For the following exercises, use any method to solve the nonlinear system.

$\begin{array}{l}{x}^{2}+{y}^{2}=9\hfill \\ \text{}y=3-{x}^{2}\hfill \end{array}$

$\begin{array}{l}{x}^{2}-{y}^{2}=9\hfill \\ \text{}x=3\hfill \end{array}$

$\begin{array}{l}{x}^{2}-{y}^{2}=9\hfill \\ \text{}y=3\hfill \end{array}$

$\begin{array}{l}{x}^{2}-{y}^{2}=9\hfill \\ \text{}x-y=0\hfill \end{array}$

$\begin{array}{l}-{x}^{2}+y=2\hfill \\ \mathrm{-4}x+y=\mathrm{-1}\hfill \end{array}$

$\begin{array}{l}-{x}^{2}+y=2\hfill \\ \text{}2y=-x\hfill \end{array}$

$\begin{array}{l}{x}^{2}+{y}^{2}=25\\ {x}^{2}-{y}^{2}=36\end{array}$

$\begin{array}{l}{x}^{2}+{y}^{2}=1\hfill \\ \text{}{y}^{2}={x}^{2}\hfill \end{array}$

$\begin{array}{l}16{x}^{2}\mathrm{-9}{y}^{2}+144=0\hfill \\ \text{}{y}^{2}+{x}^{2}=16\hfill \end{array}$

$\begin{array}{l}\text{}3{x}^{2}-{y}^{2}=12\hfill \\ {(x\mathrm{-1})}^{2}+{y}^{2}=1\hfill \end{array}$

$\begin{array}{l}\text{}3{x}^{2}-{y}^{2}=12\hfill \\ {(x\mathrm{-1})}^{2}+{y}^{2}=4\hfill \end{array}$

$\begin{array}{l}3{x}^{2}-{y}^{2}=12\hfill \\ \text{}{x}^{2}+{y}^{2}=16\hfill \end{array}$

$\begin{array}{l}{x}^{2}-{y}^{2}-6x-4y-11=0\hfill \\ \text{}\phantom{\rule{0.8em}{0ex}}-{x}^{2}+{y}^{2}=5\hfill \end{array}$

$\begin{array}{l}{x}^{2}+{y}^{2}\mathrm{-6}y=7\hfill \\ \text{}{x}^{2}+y=1\hfill \end{array}$

$\begin{array}{l}{x}^{2}+{y}^{2}=6\hfill \\ \text{}xy=1\hfill \end{array}$

#### Graphical

For the following exercises, graph the inequality.

${x}^{2}+y<9$

${x}^{2}+{y}^{2}<4$

For the following exercises, graph the system of inequalities. Label all points of intersection.

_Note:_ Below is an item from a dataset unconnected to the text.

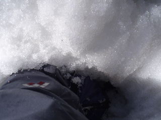 でもお陰で片足がズボーっと膝上まではまって、しばらくもがいてしまいました^_^; なかなか抜けずトシちゃんを捜しましたが、この時トシちゃんも同じようにはまっていたらしい・・・^_^; まったくトシちゃんが消えた時に限って何かが起こる・・・(~_~;) |

$\begin{array}{l}{x}^{2}+y<1\\ y>2x\end{array}$

$\begin{array}{l}{x}^{2}+y<\mathrm{-5}\\ y>5x+10\end{array}$

$\begin{array}{l}{x}^{2}+{y}^{2}<25\\ 3{x}^{2}-{y}^{2}>12\end{array}$

$\begin{array}{l}{x}^{2}-{y}^{2}>\mathrm{-4}\\ {x}^{2}+{y}^{2}<12\end{array}$

$\begin{array}{l}{x}^{2}+3{y}^{2}>16\\ 3{x}^{2}-{y}^{2}<1\end{array}$

#### Extensions

For the following exercises, graph the inequality.

$\begin{array}{l}y\ge {e}^{x}\hfill \\ y\le \mathrm{ln}(x)+5\hfill \end{array}$

$\begin{array}{l}y\le -\mathrm{log}(x)\\ y\le {e}^{x}\end{array}$

For the following exercises, find the solutions to the nonlinear equations with two variables.

$\begin{array}{l}\frac{4}{{x}^{2}}+\frac{1}{{y}^{2}}=24\\ \frac{5}{{x}^{2}}-\frac{2}{{y}^{2}}+4=0\end{array}$

$\begin{array}{c}\frac{6}{{x}^{2}}-\frac{1}{{y}^{2}}=8\\ \frac{1}{{x}^{2}}-\frac{6}{{y}^{2}}=\frac{1}{8}\end{array}$

$\begin{array}{l}{x}^{2}-xy+{y}^{2}\mathrm{-2}=0\hfill \\ x+3y=4\hfill \end{array}$

$\begin{array}{l}{x}^{2}-xy\mathrm{-2}{y}^{2}\mathrm{-6}=0\hfill \\ {x}^{2}+{y}^{2}=1\hfill \end{array}$

$\begin{array}{l}{x}^{2}+4xy\mathrm{-2}{y}^{2}\mathrm{-6}=0\hfill \\ x=y+2\hfill \end{array}$

#### Technology

For the following exercises, solve the system of inequalities. Use a calculator to graph the system to confirm the answer.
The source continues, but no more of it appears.